[Exercise requirements] From the entries below, print exactly the span beginning with the line holding "Kutjern er ett" and ending with the line holding "Dolores O'Riordan es", endpoints included, and skip any pictures.

***** Provided information

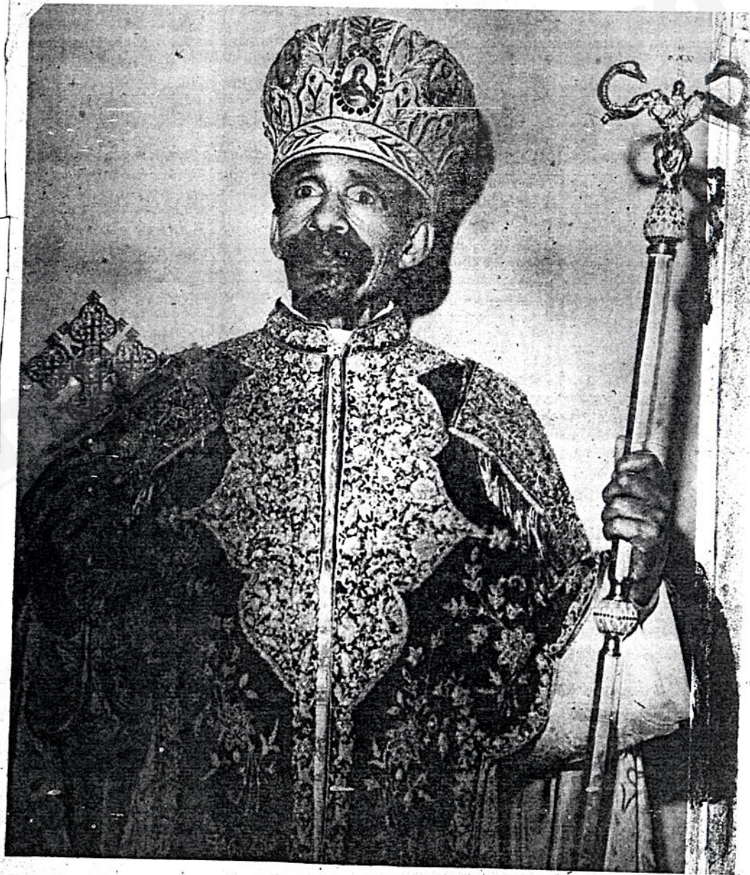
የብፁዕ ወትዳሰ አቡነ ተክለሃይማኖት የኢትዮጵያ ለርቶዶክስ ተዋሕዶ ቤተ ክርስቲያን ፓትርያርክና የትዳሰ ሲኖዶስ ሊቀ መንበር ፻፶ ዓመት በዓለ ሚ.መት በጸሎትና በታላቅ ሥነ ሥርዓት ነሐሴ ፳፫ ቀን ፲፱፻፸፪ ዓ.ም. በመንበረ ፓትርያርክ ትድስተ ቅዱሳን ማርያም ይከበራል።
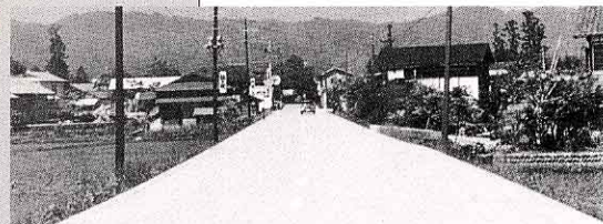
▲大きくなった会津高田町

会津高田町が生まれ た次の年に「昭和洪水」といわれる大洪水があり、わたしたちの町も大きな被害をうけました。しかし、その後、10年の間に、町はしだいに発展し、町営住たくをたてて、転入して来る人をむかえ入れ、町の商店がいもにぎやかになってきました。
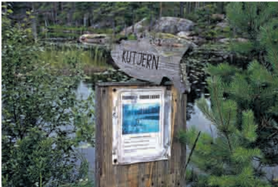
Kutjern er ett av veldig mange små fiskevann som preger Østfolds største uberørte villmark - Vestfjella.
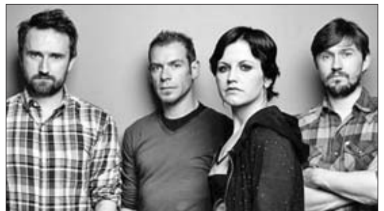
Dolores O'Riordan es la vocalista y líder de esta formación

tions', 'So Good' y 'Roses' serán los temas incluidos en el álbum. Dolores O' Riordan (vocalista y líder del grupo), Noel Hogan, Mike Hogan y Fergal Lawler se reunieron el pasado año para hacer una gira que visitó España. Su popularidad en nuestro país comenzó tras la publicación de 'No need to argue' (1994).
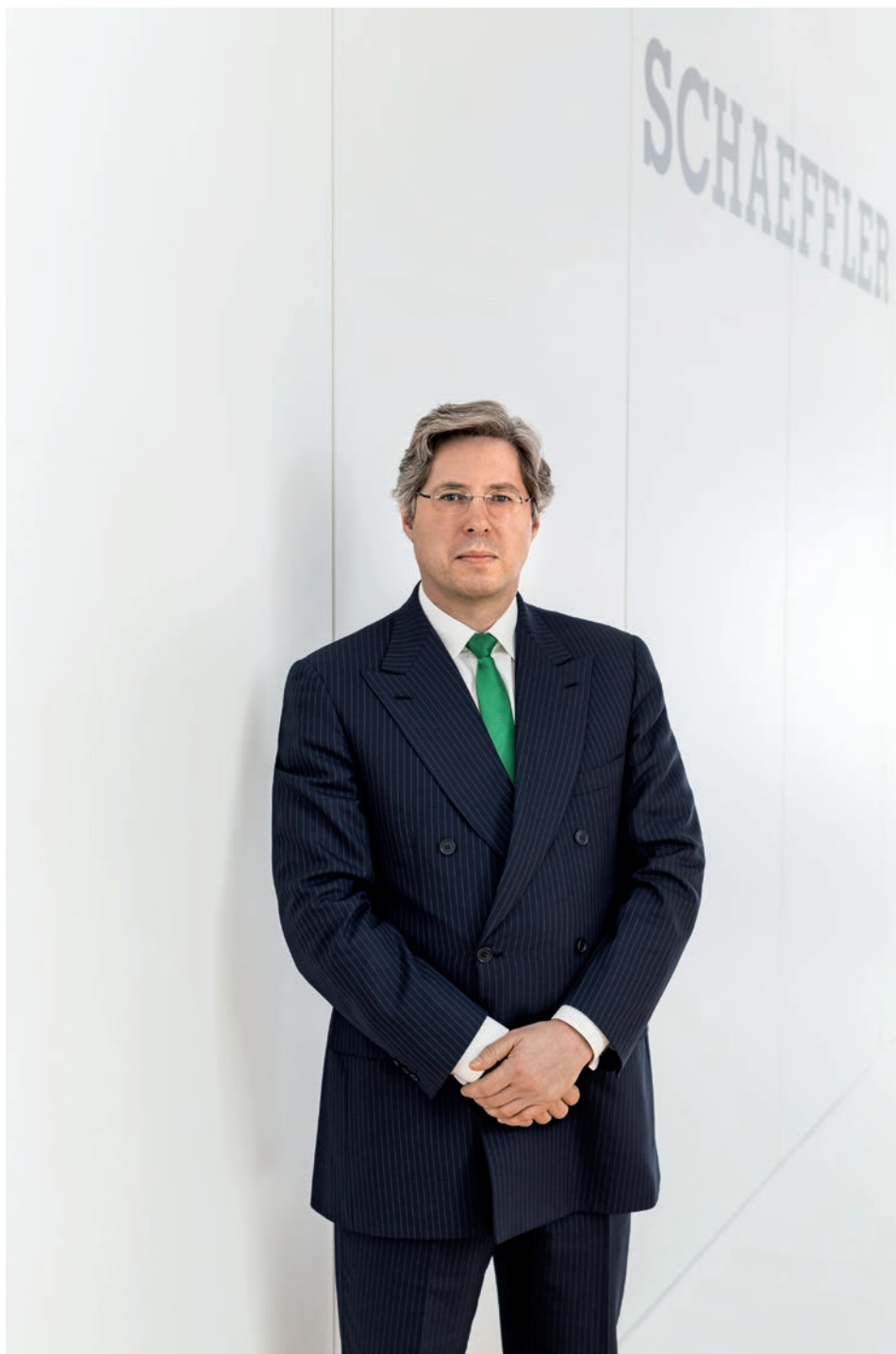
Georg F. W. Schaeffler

**********
***** Provided information

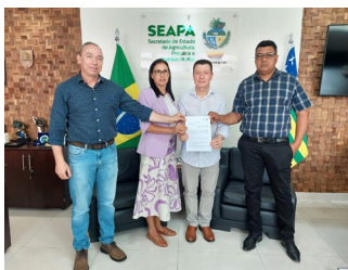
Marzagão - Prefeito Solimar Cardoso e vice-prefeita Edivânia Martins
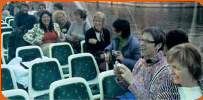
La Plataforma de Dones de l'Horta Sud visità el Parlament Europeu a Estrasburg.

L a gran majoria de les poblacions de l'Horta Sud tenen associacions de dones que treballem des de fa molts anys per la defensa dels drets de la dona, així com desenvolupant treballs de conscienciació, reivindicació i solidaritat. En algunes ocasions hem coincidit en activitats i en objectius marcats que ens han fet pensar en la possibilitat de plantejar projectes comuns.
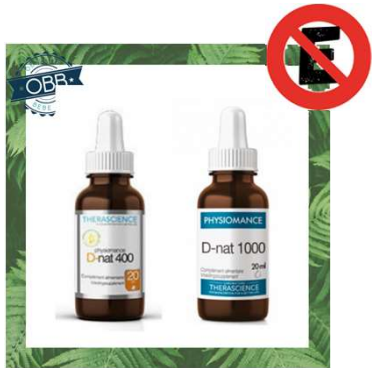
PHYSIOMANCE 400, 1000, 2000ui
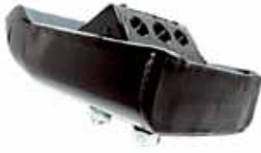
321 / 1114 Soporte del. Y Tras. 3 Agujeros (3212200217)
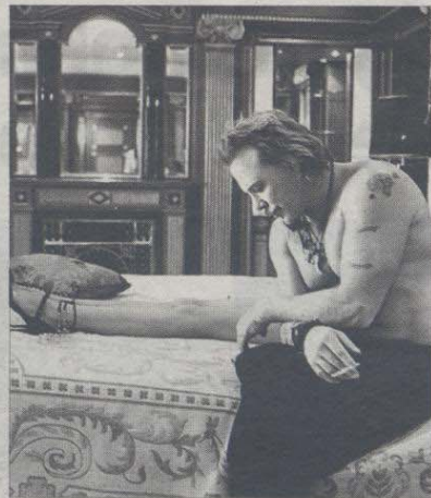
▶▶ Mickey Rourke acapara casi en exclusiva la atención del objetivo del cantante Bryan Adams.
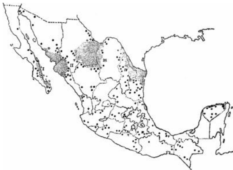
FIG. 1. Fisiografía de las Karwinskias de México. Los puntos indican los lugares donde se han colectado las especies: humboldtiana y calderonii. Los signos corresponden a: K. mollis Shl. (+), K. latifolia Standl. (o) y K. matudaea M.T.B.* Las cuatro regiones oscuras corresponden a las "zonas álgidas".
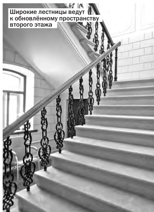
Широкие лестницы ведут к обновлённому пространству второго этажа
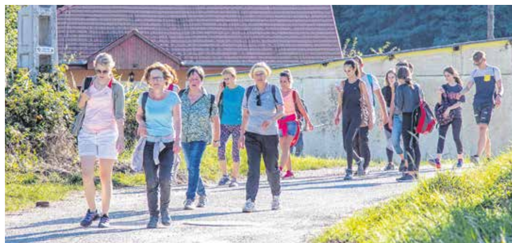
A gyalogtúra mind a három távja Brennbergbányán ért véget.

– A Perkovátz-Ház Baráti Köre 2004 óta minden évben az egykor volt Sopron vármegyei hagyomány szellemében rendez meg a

**********

[Answer for the task]
Kutjern er ett av veldig mange små fiskevann som preger Østfolds største uberørte villmark - Vestfjella.
Dolores O'Riordan es la vocalista y líder de esta formación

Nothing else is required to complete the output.